Health care professionals in Canadian emergency departments are treating an increasing number of frail, elderly patients. A significant number of these patients will have heart failure, and these patients are at risk for readmission to hospital. As return hospital visits are associated with increased morbidity and health care costs, it is important to help reduce readmissions. Optimizing self-care tools has been shown to reduce readmissions for patients with heart failure, but it is still unclear if these tools can be used for the frail elderly.
We have proposed a prospective randomized single centre pilot study to help reduce 90 day readmissions to hospital for frail elderly patients with heart failure. Patients who are over the age of 70 with a frailty index score ≥ 3/18 presenting with symptoms of heart failure will be included. Patients with active delirium, severe dementia, or who are being discharged to rehabilitation centres will be excluded. Patients randomized to the intervention group will receive a telephone call approximately 5 days post-discharge. A heart failure nurse will administer the heart failure self care questionnaire. If any deficiencies in the patient’s ability to recognize or treat symptoms of worsening heart failure are identified, the nurse will provide structured responses. The nurse will also confirm any upcoming appointments. Finally, patients will be referred to a geriatrics clinic for frailty assessment. Targeted interventions regarding nutrition, physical activity and caregiver support will be provided. Patients in the control group will be contacted 5 days after discharge to confirm outpatient follow-up, but otherwise will have the care as prescribed by their treating physician at discharge from hospital.

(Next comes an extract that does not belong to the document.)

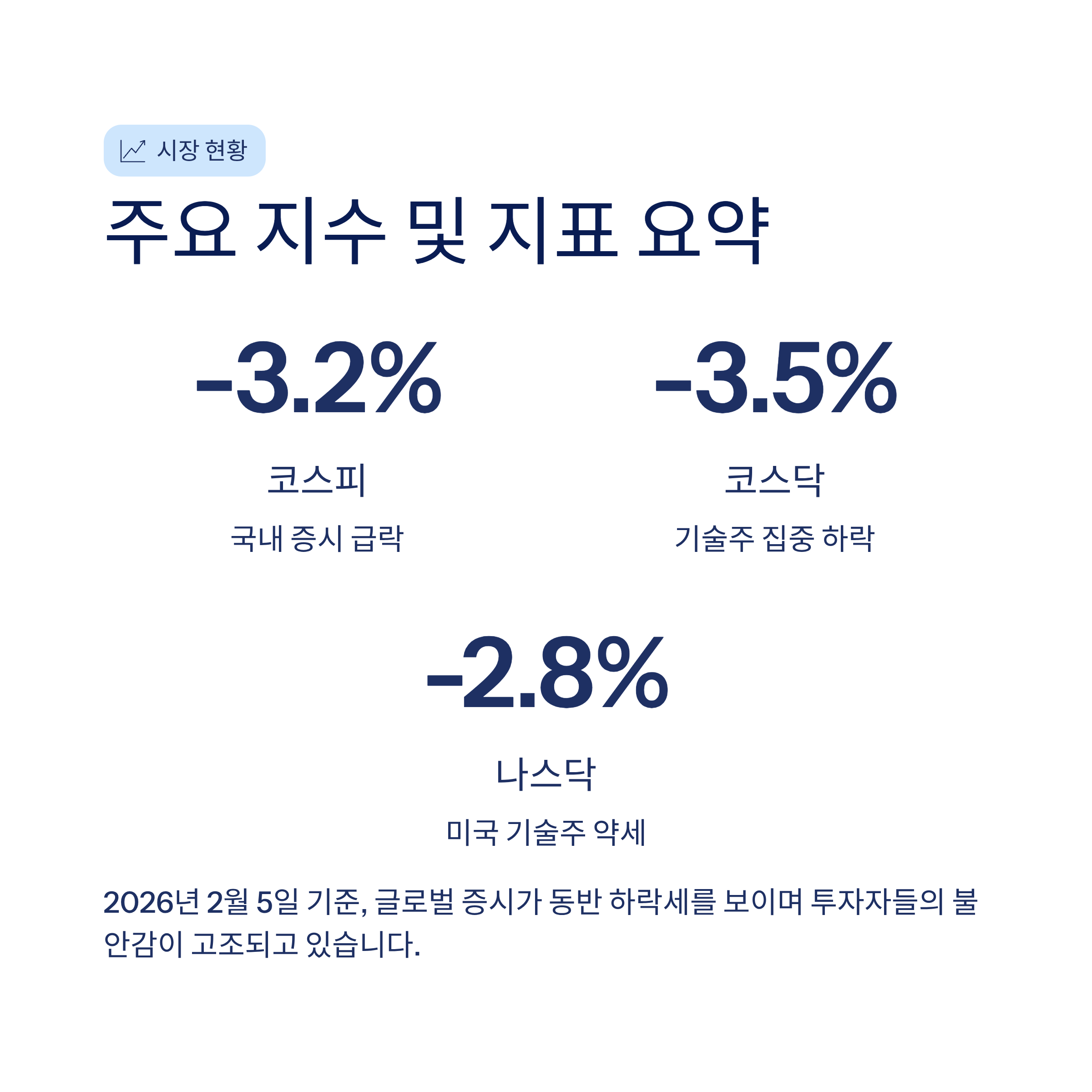 🔒 본 콘텐츠는 2026년 2월 5일 제공된 지수 동향 이미지를 바탕으로 작성된 분석 리포트입니다. 모든 투자 판단과 책임은 투자자 본인에게 있으며, 위 내용은 참고용으로만 활용하시기 바랍니다.

The primary clinical outcome of interest will be readmission to hospital for any diagnosis after 90 days from hospital discharge. Secondary outcomes will include improvement in quality of life scores, frailty index, and readmissions in 1 year. In addition, we will collect the number of patients that are screened, eligible, enrolled, and complete follow-up. Data will be gathered on any issues that hinder enrollment or the completion to follow-up.
Approximately 41% of elderly patients who were discharged from our ER with acute decompensated heart failure returned with dyspnea within 30 days and 11% presented more than three times in a year. By reducing readmissions, we will be able to free valuable resources in both the ED and the wards. In addition, we expect that patients should report improvement in quality of life scores, report improved symptom control, experience fewer medication side effects, and feel more capable to manage their symptoms from home.